# Question Of The Week... ( 2018 week 9)



## ripjack13

*What is on your woodworking "to do" list?*






**Rules**
There is no minimum post requirement,
primates, woodticks and leprechauns are welcome to post an answer.
And of course the  and the expert lukers too.


----------



## steve bellinger

More carving.  That's about it at this time. lol

Reactions: Like 3


----------



## Brink

Fix a picture frame, a holiday decoration, and the anvil Moma broke

Reactions: Like 1 | Funny 5


----------



## woodman6415

Finish my wife's kitchen cabinets ... she's getting impatient...

Reactions: Like 1 | Funny 4


----------



## Mike1950

keep building and since I inherited a full set of carving tools I want to try carving also.

Reactions: Like 6


----------



## Sprung

I have a written out list in my shop that has a bunch of projects I'd like to tackle over the next 2 to 3 years. Some larger, some smaller. Not going to type up the whole list, but here's the next projects I'm going to be working on, hoping to complete these in the next few months:

Nightstand for our boys' room
Hutch for the kitchen to serve as a place to put the coffee maker and grinder, mix drinks, store wine, etc
New, smaller dining table
Keepsake box - 40th wedding anniversary gift for my in-laws, who will be married 40 years in June

Reactions: Like 6


----------



## woodtickgreg

Oh boy, its a long list, more of a bucket list actually. Immediate projects would include making a hand plane storage area in my shop, finishing a over the toilet bathe cabinet that I have been dragging around with me for awhile, installing 3 routers in my table saw outfeed tables, building a new work bench out of a pile of ash that I milled years ago specifically for that purpose, installing all new interior doors and trim in my house, building 3 bookcases for my office. The bucket list includes making a Maloof style rocker, building a boat, a grandfather clock, and I am contemplating making wood countertops for my kitchen when I remodel it. I would also like to do a strip canoe or kayak...............and I'm sure there there is more that is escaping me at the moment.

Reactions: Like 4 | Great Post 1 | Creative 1


----------



## Tony

A pen for @Bean_counter for the Winter Swap 

Assuming I get that done soon, a Maloof Rocker is something I've always wanted to build. I want to try to do some segmented turnings, I think they would pair well with my cutting boards. Tony

Reactions: Like 3 | Funny 1


----------



## David Hill

Kind of an eclectic mix—
Thinking of turning some lamp bases and bodies— have some gnarly and nice pieces that should look good. Need to use the hollowing setup, have some requests for urns and vases & a good idea to have an urn or two available. Have some ideas for clock faces too— not seen very many turned ones— may find out why.
Oh— and cut more wood for trades or sales. Need to make room, have some more really BIG ‘“Skeet and Pecan coming.
Edit— finish the add-on to the side of my shop— about 8 x 40— really need the storage for slabs and other stuff— a learn as I go— assembling and placing the joists (rafters) now.

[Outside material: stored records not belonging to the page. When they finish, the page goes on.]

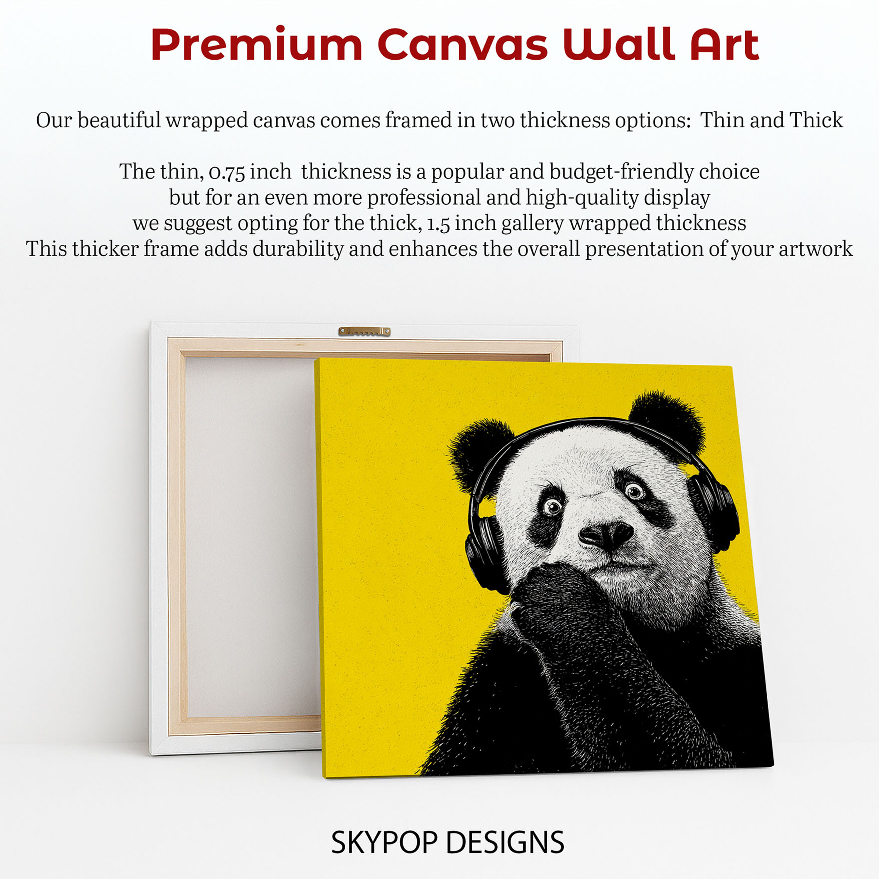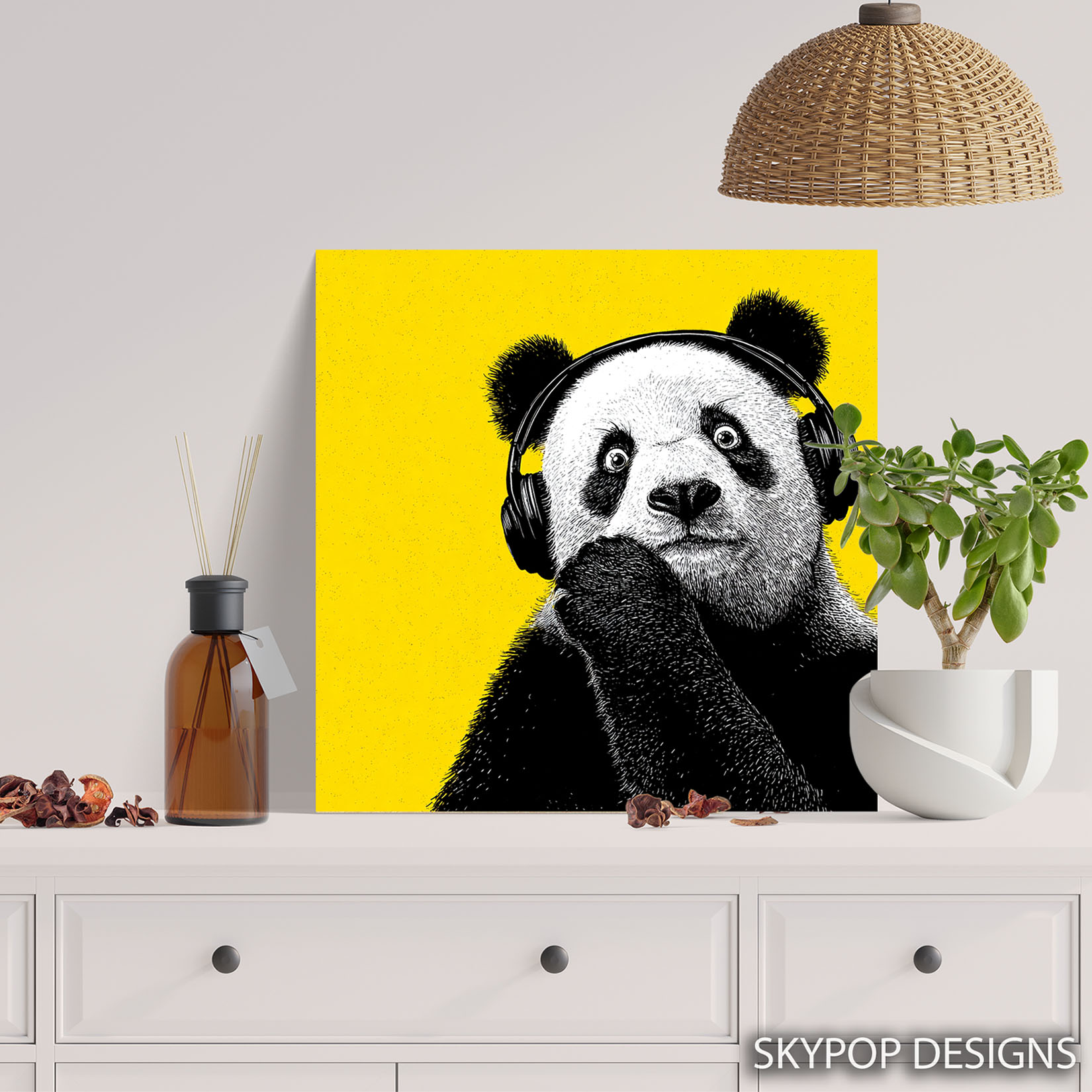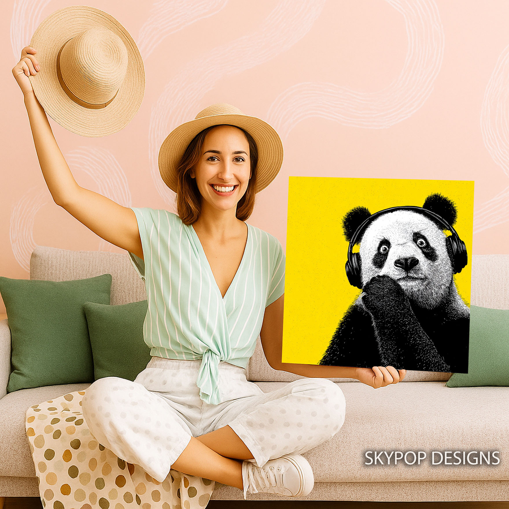 Transform your audio sanctuary with this vibrant panda canvas wall art, featuring a cool panda grooving to music with stylish headphones. This eye-catching poster or canvas wall art is perfect for modern living rooms or as a statement piece in your home office or game room. The bold combination of yellow, black, and white creates a striking visual impact, while the detailed linework of the panda adds a touch of contemporary artistry. Ideal for bohemian decor enthusiasts or lovers of pop art, this piece brings energy and personality to any space. The thoughtful pose and expression on the panda’s face evoke a sense of cool contemplation and musical enjoyment, making it an engaging conversation starter. This high-quality canvas wall art captures every nuanced stroke, from the texture of the panda’s fur to the modern design of the headphones. Its versatility allows it to enhance children’s rooms with a playful touch or add a unique flair to a music lover’s den. This poster or canvas wall art makes a fantastic gift for birthdays, holidays, or housewarmings, celebrating individuality and passion for music. Elevate your home decor with this unique animal art that seamlessly blends urban street art influences with timeless panda charm. Bring joy and a vibrant splash of color into your environment with this inspiring piece of wall art that’s sure to turn heads. Make your space a reflection of your personality and love for music today with Panda Beats Art.
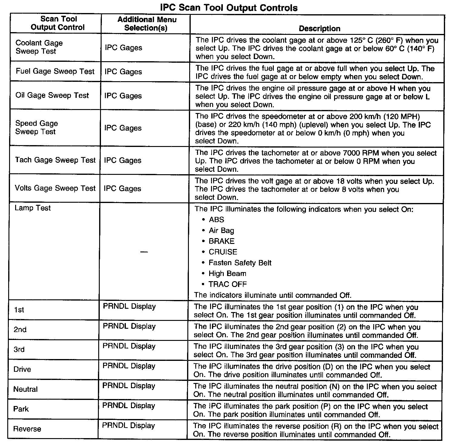 Scan Tool Output Controls - IPC
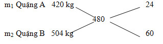 + Quặng B: \({m_B} = 1000.\dfrac{{69,6}}{{100}}.\dfrac{{168}}{{232}} = 504kg\)
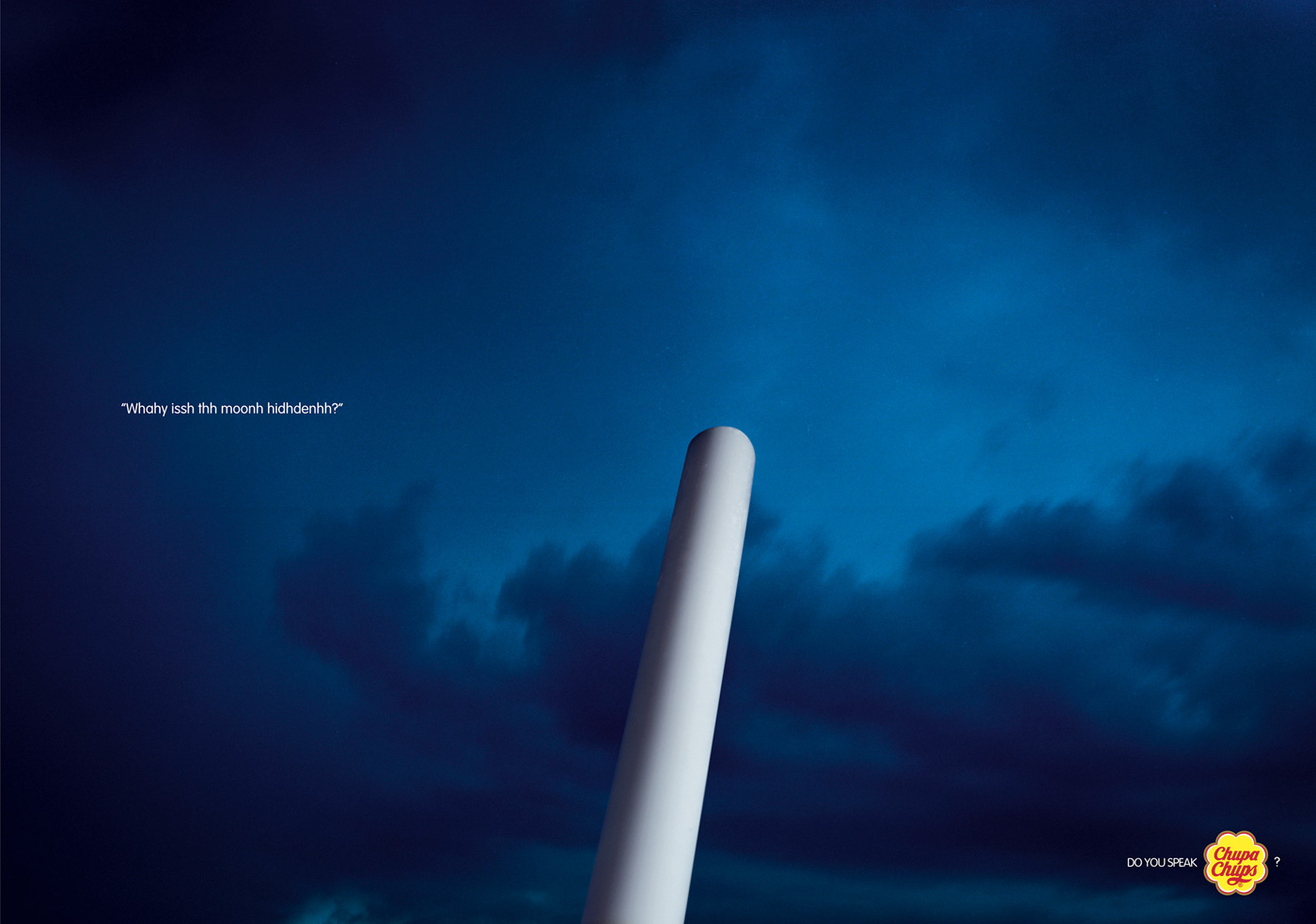 Ahora bien, la llegada a la luna no tiene porque ser un tema serio, como la tecnología del reloj Omega. La luna también ha inspirado publicidad con sentido del humor. Un Haiku japonés dice «si se aplicase un mango a la luna, !Que bonito abanico!» Quizás, inspirados por este poema, Chupa Chups pensó en el siguiente anuncio: La frase en inglés dice: «¿Por qué está escondida la luna?».

Reactions: Like 4 | Way Cool 2


----------



## CWS

I need to make a tip out trash can box that matches the cabinets. Can't remember after that.

Reactions: Like 2


----------



## Tom Smart

Finish the kitchen stools I promised my wife 3, no 4 years ago. But first -

Learn to make boxes
Learn to make dovetails/splines for the boxes
Learn to build tables
Learn the best joinery for the legs on tables
Learn how to turn finials to put on the hollow forms I want to learn to make
Learn to cast "worthless wood" blanks
Learn to double dye stabilized blanks

Before all of that I need to run the ducts for the dust collection system, once I figure out how I want to configure the shop.

Reactions: Like 3


----------



## Woodworking Vet

The list is long but here are a few things;

Build a lean-to on the side of my shop (don't know how so saving up to hire someone or I'll just figure it out)
Learn to embellish some turnings with carvings
Process a bunch of black locust and elm when it warms up
Build a kiln when I can find a free (broken) freezer
Sort through my smaller wood pieces and see if there is anything I don't need (not likely)
Go to @Mike1950 's and clean up his side yard with help from the Vet's garage when it warms up
Finish a hollow form I started five months ago
Clean out and organize the drawers in my shop
Insulate the shop floor (my shop is a 12x16 shed)
Get rid of the skunks that moved back in under the shop
Hand the electric heater permanently so its not taking up space on my table saw
Put the drill press on a mobile base
Build a couple keepsake boxes, do something other than turning once in a while.

Reactions: Like 4 | Great Post 1


----------



## barry richardson

My son just informed me that he and his woman are expecting a baby, first grandchild woo hoo! So I will be making stuff for the child if they allow. i.e. crib, highchair, changing table, etc....

Reactions: Like 1 | Way Cool 10 | +Karma 1


----------



## ripjack13

barry richardson said:


> My son just informed me that he and his woman are expecting a baby, first grandchild woo hoo! So I will be making stuff for the child if they allow. i.e. crib, highchair, changing table, etc....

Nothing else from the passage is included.